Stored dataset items

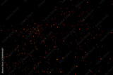 Burning red hot sparks fly from large fire in the night sky. Beautiful abstract background on the theme of fire, light and life.
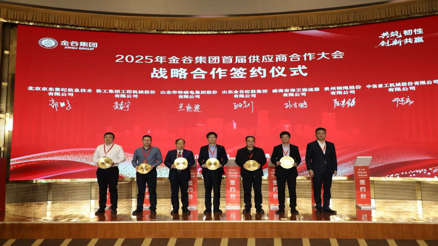 會上,金谷集團精準對接產業鏈上下游優質資源,分別與2家戰略技術支撐高校、6家戰略技術合作設計院、6家戰略級供應商及18家A級供應商完成簽約,并舉行了授牌儀式。貴繩股份公司作為唯一受邀參與的鋼絲繩行業企業,成為6家戰略級供應商之一。
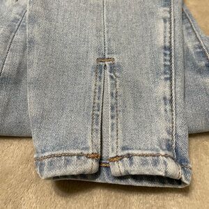 Length is X-SHORT. Snug fit with a light wash. Ideal for everyday comfort. It is stretch denim with a front seam and ankle slits in the front as well.
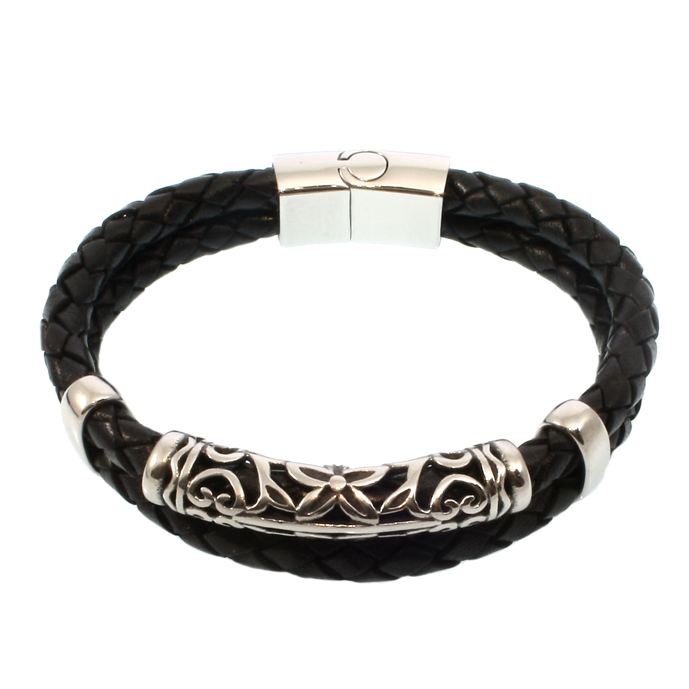 6 mm geflochtener Rindslederriemen mit Edelstahl-Magnet-Steckverschluss - handgefertigt
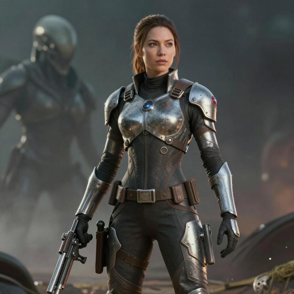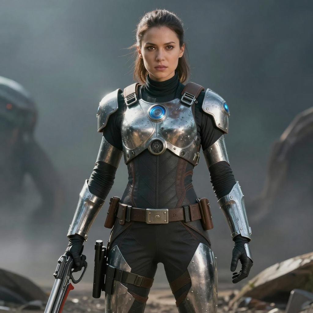 Create a highly realistic and cinematic portrait of a woman as she stands tall and unyielding against the alien threat, her weapons and armor glinting in the light. Utilize advanced photography and image editing techniques to perfectly capture her unique style and appearance, and incorporate elements of her surroundings or environment to add context and visual interest to the image. Make sure the image has high resolution and impeccable image quality to ensure a very realistic and dynamic appearance.
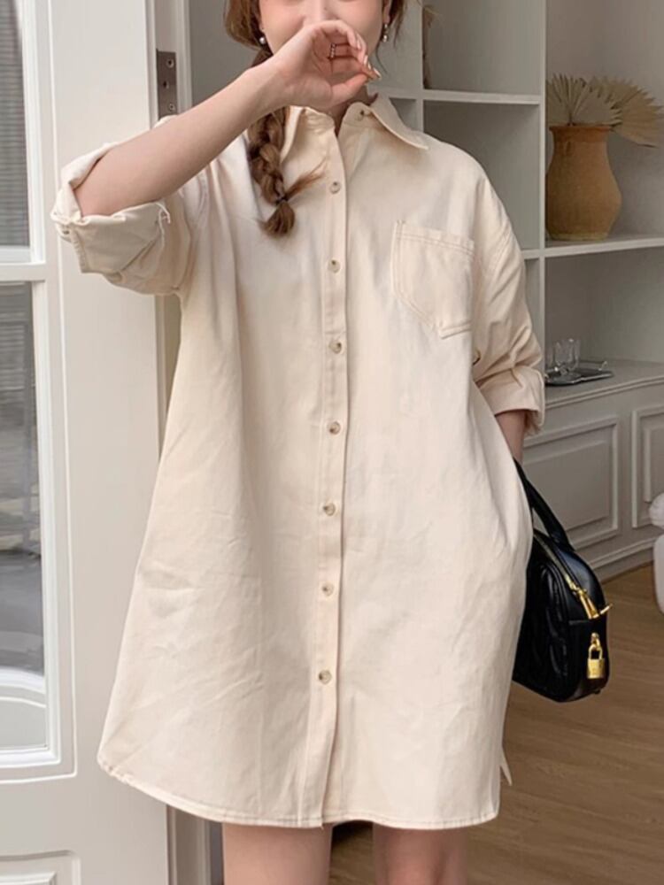 [EWQ] デニムシャツ レディース 長袖 シングルブレスト ポケット パッチ ゆったり 秋冬 潮トップス 16U3733 ロング オータム 秋物 ウィンター 冬物

→ Assignment
Except for the pictures, set down each line of the records exactly as it appears.

→ Result of the exercise
 Burning red hot sparks fly from large fire in the night sky. Beautiful abstract background on the theme of fire, light and life.
 會上,金谷集團精準對接產業鏈上下游優質資源,分別與2家戰略技術支撐高校、6家戰略技術合作設計院、6家戰略級供應商及18家A級供應商完成簽約,并舉行了授牌儀式。貴繩股份公司作為唯一受邀參與的鋼絲繩行業企業,成為6家戰略級供應商之一。
 Length is X-SHORT. Snug fit with a light wash. Ideal for everyday comfort. It is stretch denim with a front seam and ankle slits in the front as well.
 6 mm geflochtener Rindslederriemen mit Edelstahl-Magnet-Steckverschluss - handgefertigt
 Create a highly realistic and cinematic portrait of a woman as she stands tall and unyielding against the alien threat, her weapons and armor glinting in the light. Utilize advanced photography and image editing techniques to perfectly capture her unique style and appearance, and incorporate elements of her surroundings or environment to add context and visual interest to the image. Make sure the image has high resolution and impeccable image quality to ensure a very realistic and dynamic appearance.
 [EWQ] デニムシャツ レディース 長袖 シングルブレスト ポケット パッチ ゆったり 秋冬 潮トップス 16U3733 ロング オータム 秋物 ウィンター 冬物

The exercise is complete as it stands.